In that case, for a given key sequence, we only need to look up the data structure for all matching words and return 1 or more. Of course the dictionary pre-processing would have been done offline.
Here's a function which implements this improved algorithm. That full program is
here.
public List getMatches(String word){
List matches = new ArrayList();
String key = getKeyForWord(word);
if(key != null){
if(bucketedWords.containsKey(key)){
matches = (List)bucketedWords.get(key);
}
}
return matches;
}
The dictionary is pre-processed in 2 steps: First, each character in the keypad is mapped to its bucket number. Then, for each word in the dictionary, a bucket key is obtained by concatenating the bucket number of each character in the word. The word is added to the Map entry corresponding to that key.

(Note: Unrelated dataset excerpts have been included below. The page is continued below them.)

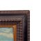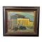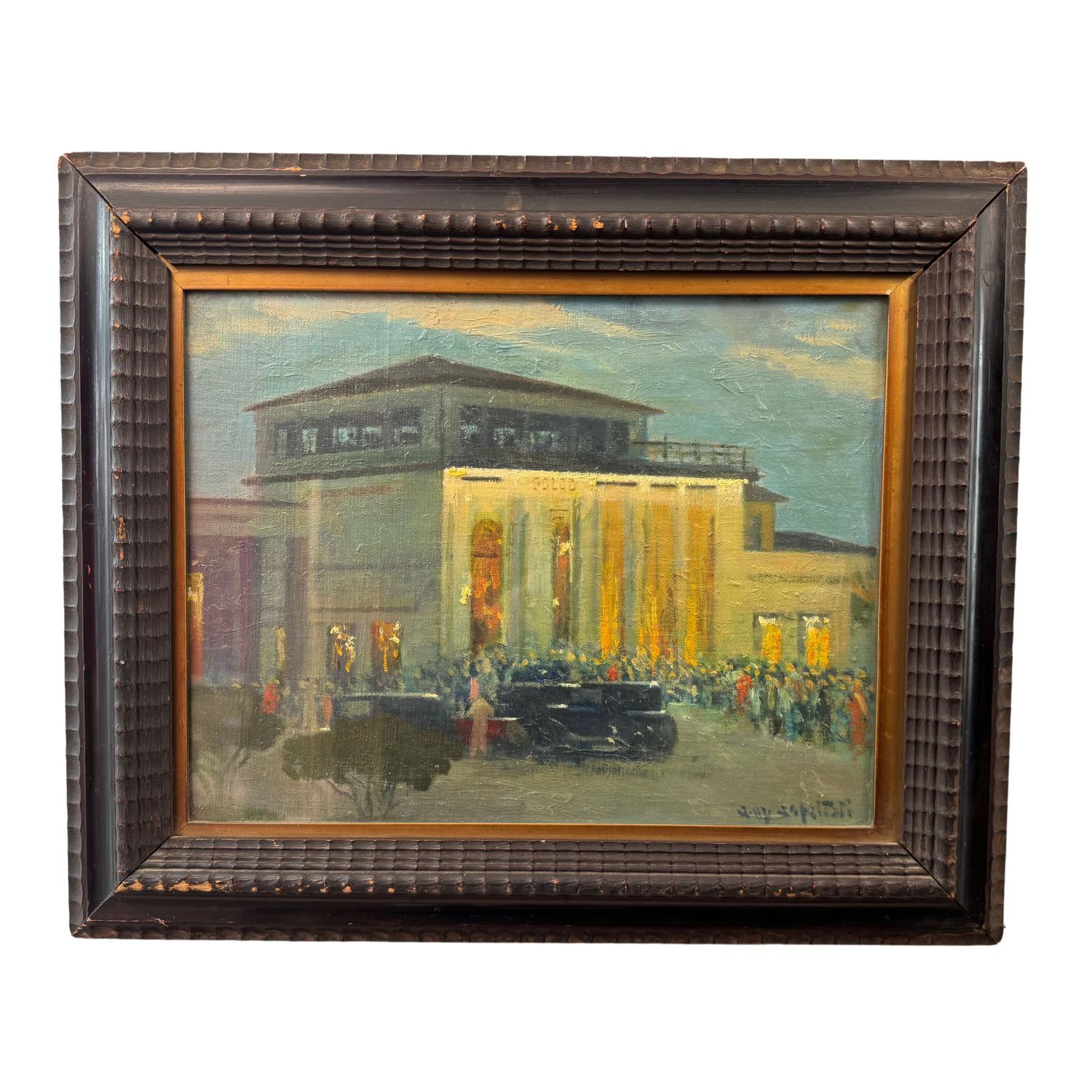 Dipinto olio su tela applicata su cartoncino, periodo XX secolo, raffigurante Personaggi con edificio ed auto d'epoca.
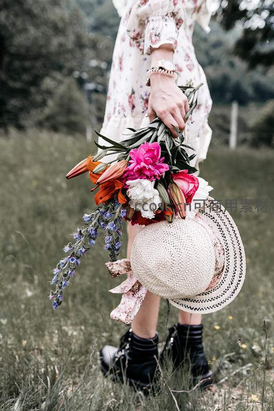一位身着碎花裙的女子在绿野中手持缤纷花束与编织草帽,展现悠闲惬意的田园生活美学,充满诗意与浪漫气息。
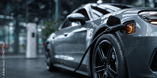 Electric car charging in modern station with sleek design and glowing connector
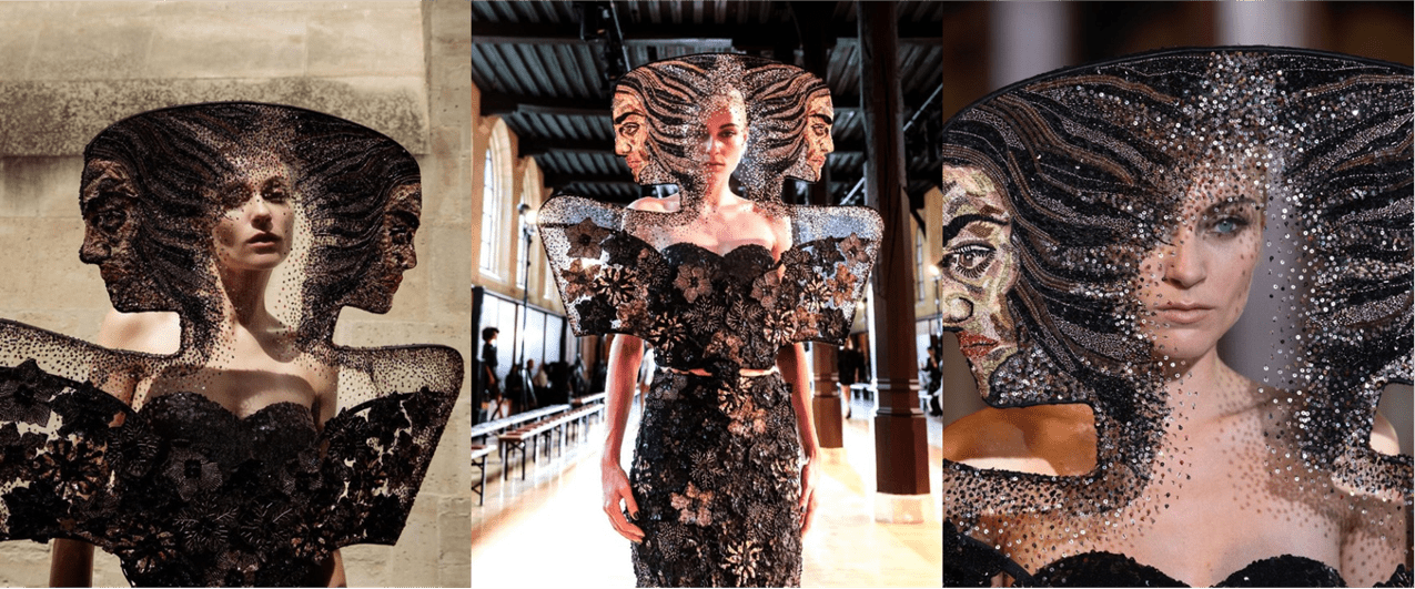 The show-stopper garments with multiple faces are supported by a meticulously welded metal frame, an amalgamation of skills (couture and sculpting) that we both admire and appreciate.
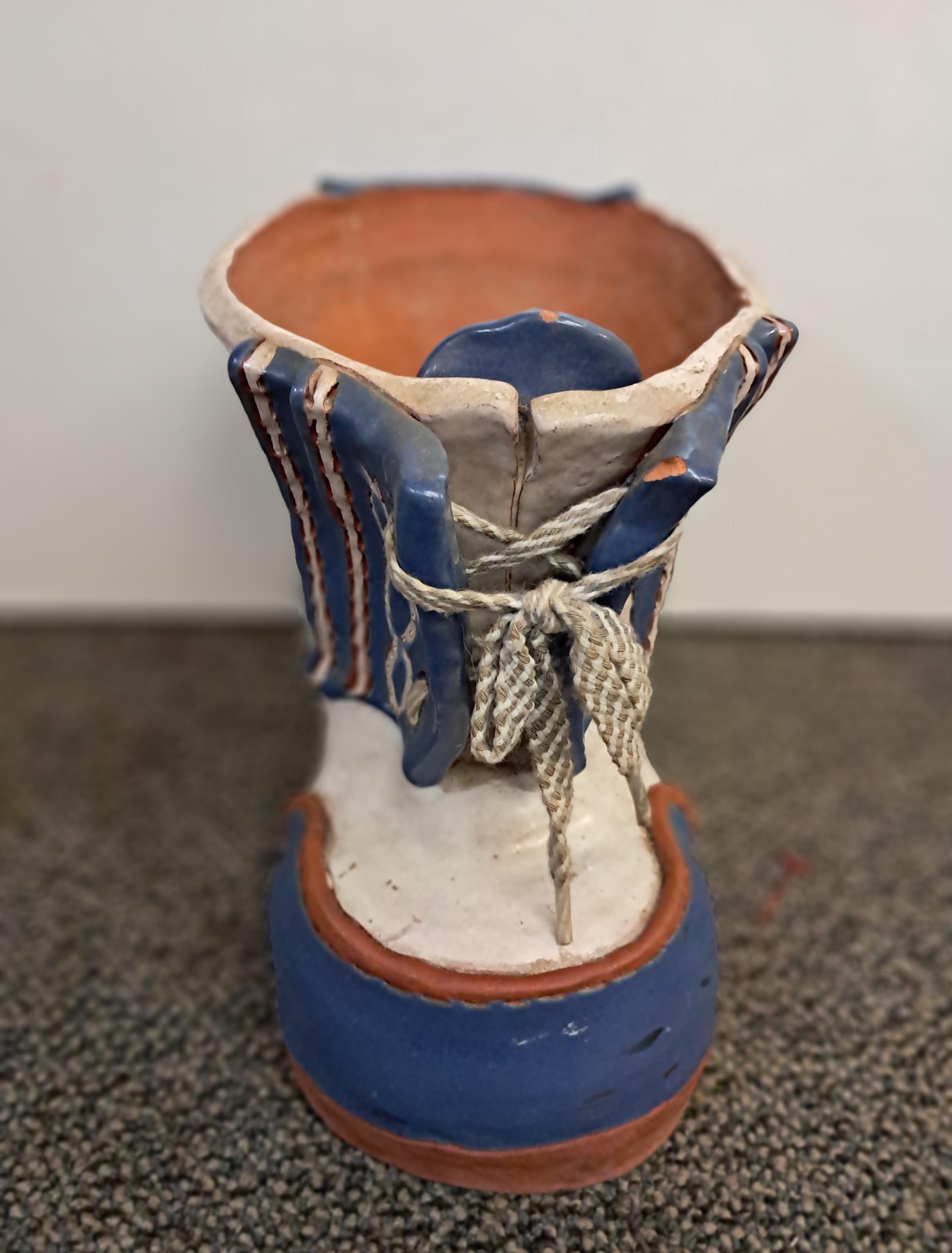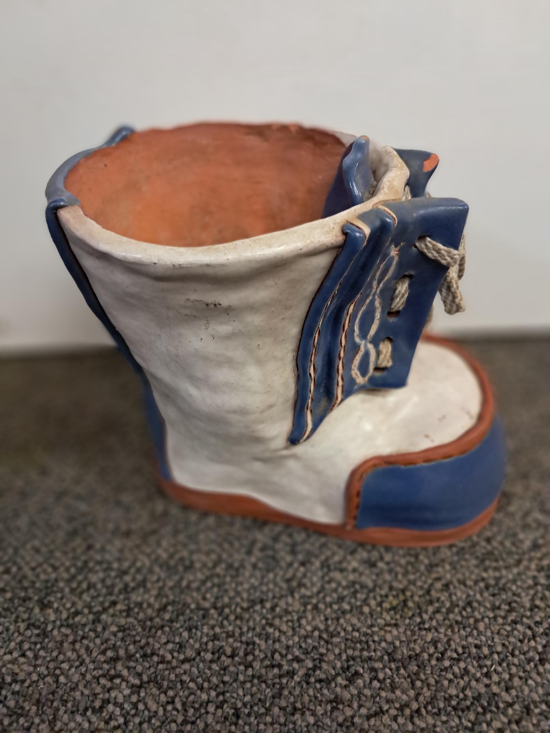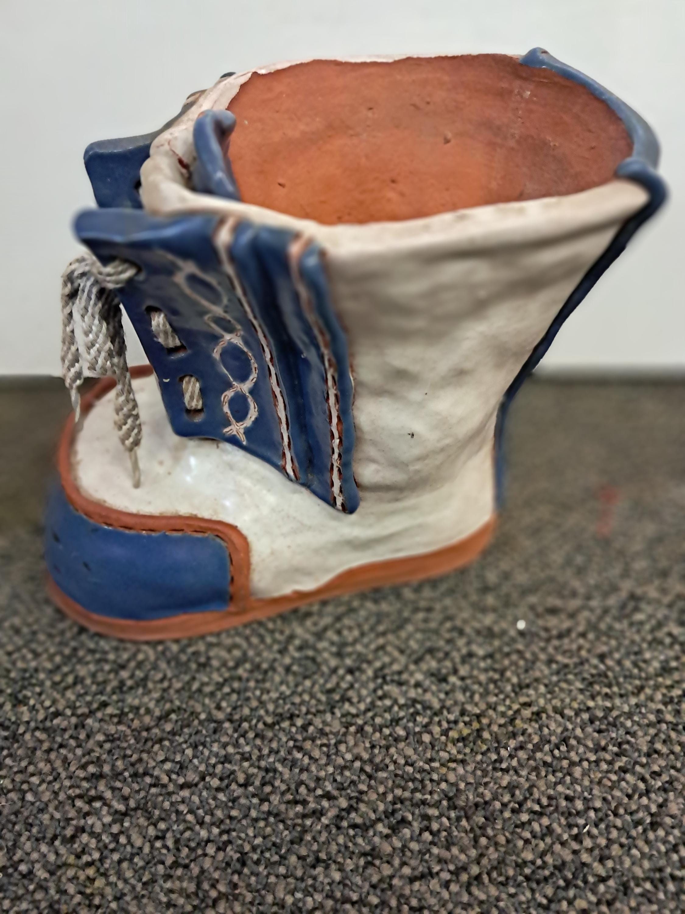 Vintage Clat Pottery Boot Planter,by PHALE, 1977 Excellent Condition Measurments: 6.25" tall x 7.00 " wide x 4.75" deep Weight : 4 lbs Stamped, signed and dated by Artist under Handmade Hand Crafted and Painted
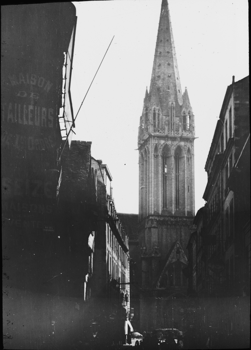 Skioptikonbild med motiv från Caen med catedralen Saint Pierre i bakgrunden. (Staden förstördes delvis i kriget 1944).
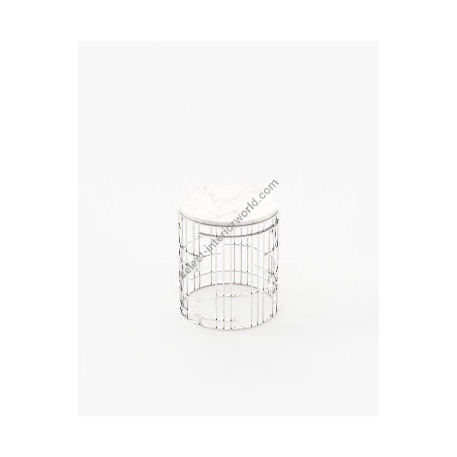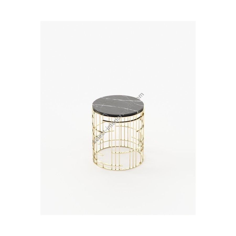 The Mercy side table is a geometric masterpiece, featuring a round tabletop, metallic structure, and an asymmetrical line body.

To do a lookup, the bucket key for a given key sequence is derived as above, and all entries in the Map matching that bucket key are returned.
Each lookup is
O(number of characters in the letter) to generate the key. To generate the bucketed dictionary itself, you need to examine
every character in the dictionary once. If the dictionary has
n words of average length
m, it's
O(m * n).